Study material:
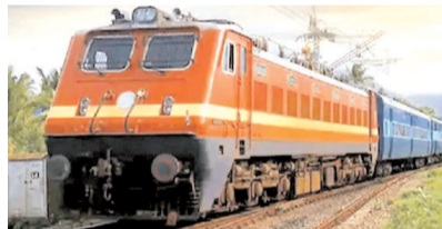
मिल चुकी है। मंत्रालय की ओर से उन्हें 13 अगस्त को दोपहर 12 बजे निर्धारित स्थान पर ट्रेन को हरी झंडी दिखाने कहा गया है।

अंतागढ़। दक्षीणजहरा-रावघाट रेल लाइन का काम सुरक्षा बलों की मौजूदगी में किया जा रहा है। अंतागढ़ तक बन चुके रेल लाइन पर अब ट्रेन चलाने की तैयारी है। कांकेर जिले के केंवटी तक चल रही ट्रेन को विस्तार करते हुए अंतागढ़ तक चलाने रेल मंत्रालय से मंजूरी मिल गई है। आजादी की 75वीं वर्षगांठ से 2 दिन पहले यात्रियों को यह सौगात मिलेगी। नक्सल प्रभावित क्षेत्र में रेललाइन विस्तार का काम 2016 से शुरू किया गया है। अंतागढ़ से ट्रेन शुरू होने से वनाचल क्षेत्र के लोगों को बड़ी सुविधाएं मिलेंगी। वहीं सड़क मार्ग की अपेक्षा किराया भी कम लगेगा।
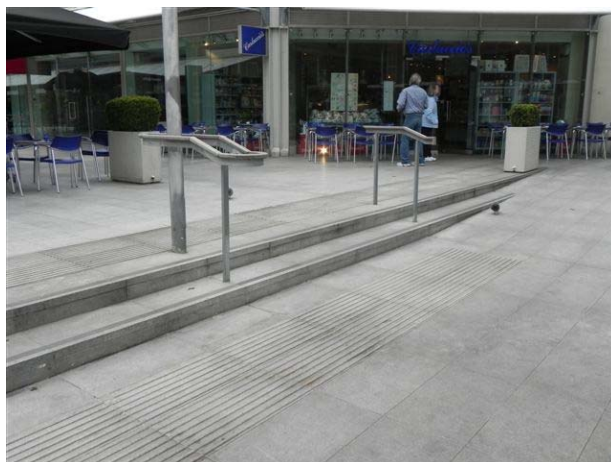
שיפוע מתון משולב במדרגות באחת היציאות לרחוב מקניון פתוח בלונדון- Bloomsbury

...

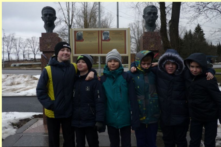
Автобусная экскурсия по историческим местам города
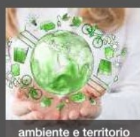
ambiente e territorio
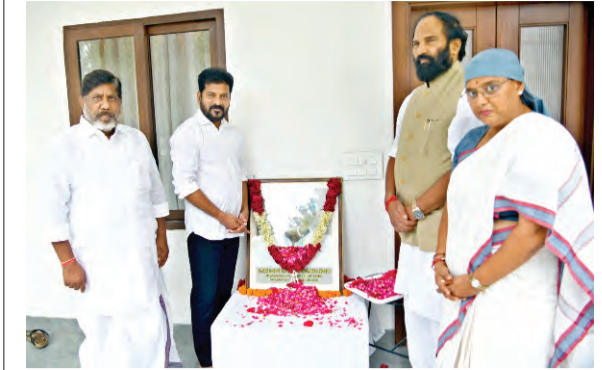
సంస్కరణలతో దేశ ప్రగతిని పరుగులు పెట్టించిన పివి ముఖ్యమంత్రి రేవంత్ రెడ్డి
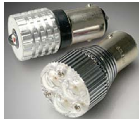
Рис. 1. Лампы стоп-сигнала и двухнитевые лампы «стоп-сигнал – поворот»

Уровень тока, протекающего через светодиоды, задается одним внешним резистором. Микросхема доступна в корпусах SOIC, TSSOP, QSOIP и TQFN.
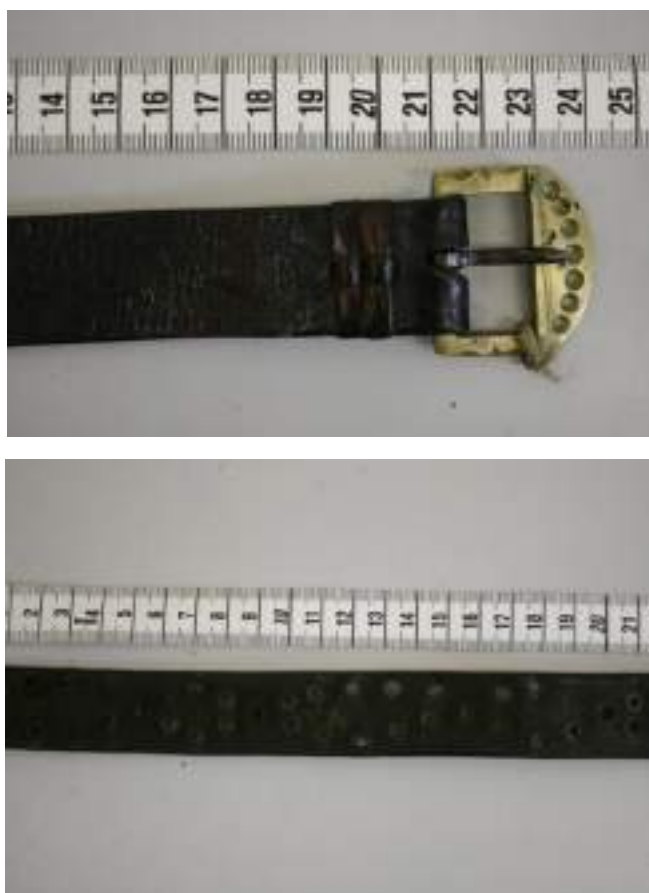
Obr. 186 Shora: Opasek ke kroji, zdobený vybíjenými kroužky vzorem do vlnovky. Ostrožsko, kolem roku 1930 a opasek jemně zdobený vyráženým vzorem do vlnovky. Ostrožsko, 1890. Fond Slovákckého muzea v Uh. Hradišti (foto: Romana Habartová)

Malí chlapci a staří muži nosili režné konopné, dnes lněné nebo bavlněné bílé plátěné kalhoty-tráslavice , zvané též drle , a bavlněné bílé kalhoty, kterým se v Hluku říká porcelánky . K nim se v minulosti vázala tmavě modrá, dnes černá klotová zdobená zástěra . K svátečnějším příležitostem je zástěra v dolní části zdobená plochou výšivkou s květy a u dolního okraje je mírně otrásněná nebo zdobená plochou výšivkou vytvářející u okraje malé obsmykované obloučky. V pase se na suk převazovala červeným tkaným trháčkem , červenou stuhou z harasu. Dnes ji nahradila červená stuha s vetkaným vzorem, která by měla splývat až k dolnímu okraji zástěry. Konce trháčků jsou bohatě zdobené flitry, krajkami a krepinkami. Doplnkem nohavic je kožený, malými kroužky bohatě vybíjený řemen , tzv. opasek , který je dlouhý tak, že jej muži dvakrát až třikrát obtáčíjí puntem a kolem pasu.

---

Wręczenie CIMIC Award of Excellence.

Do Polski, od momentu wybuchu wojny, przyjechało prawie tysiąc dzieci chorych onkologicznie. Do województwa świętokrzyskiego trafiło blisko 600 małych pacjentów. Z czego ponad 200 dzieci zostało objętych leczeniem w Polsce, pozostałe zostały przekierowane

What to work on: Return the lines above from the one with "సంస్కరణలతో దేశ ప్రగతిని" through the one with "Obr. 186 Shora: Opasek", verbatim and nothing else. Omit every picture.

Expected answer:
సంస్కరణలతో దేశ ప్రగతిని పరుగులు పెట్టించిన పివి ముఖ్యమంత్రి రేవంత్ రెడ్డి
Рис. 1. Лампы стоп-сигнала и двухнитевые лампы «стоп-сигнал – поворот»

Уровень тока, протекающего через светодиоды, задается одним внешним резистором. Микросхема доступна в корпусах SOIC, TSSOP, QSOIP и TQFN.
Obr. 186 Shora: Opasek ke kroji, zdobený vybíjenými kroužky vzorem do vlnovky. Ostrožsko, kolem roku 1930 a opasek jemně zdobený vyráženým vzorem do vlnovky. Ostrožsko, 1890. Fond Slovákckého muzea v Uh. Hradišti (foto: Romana Habartová)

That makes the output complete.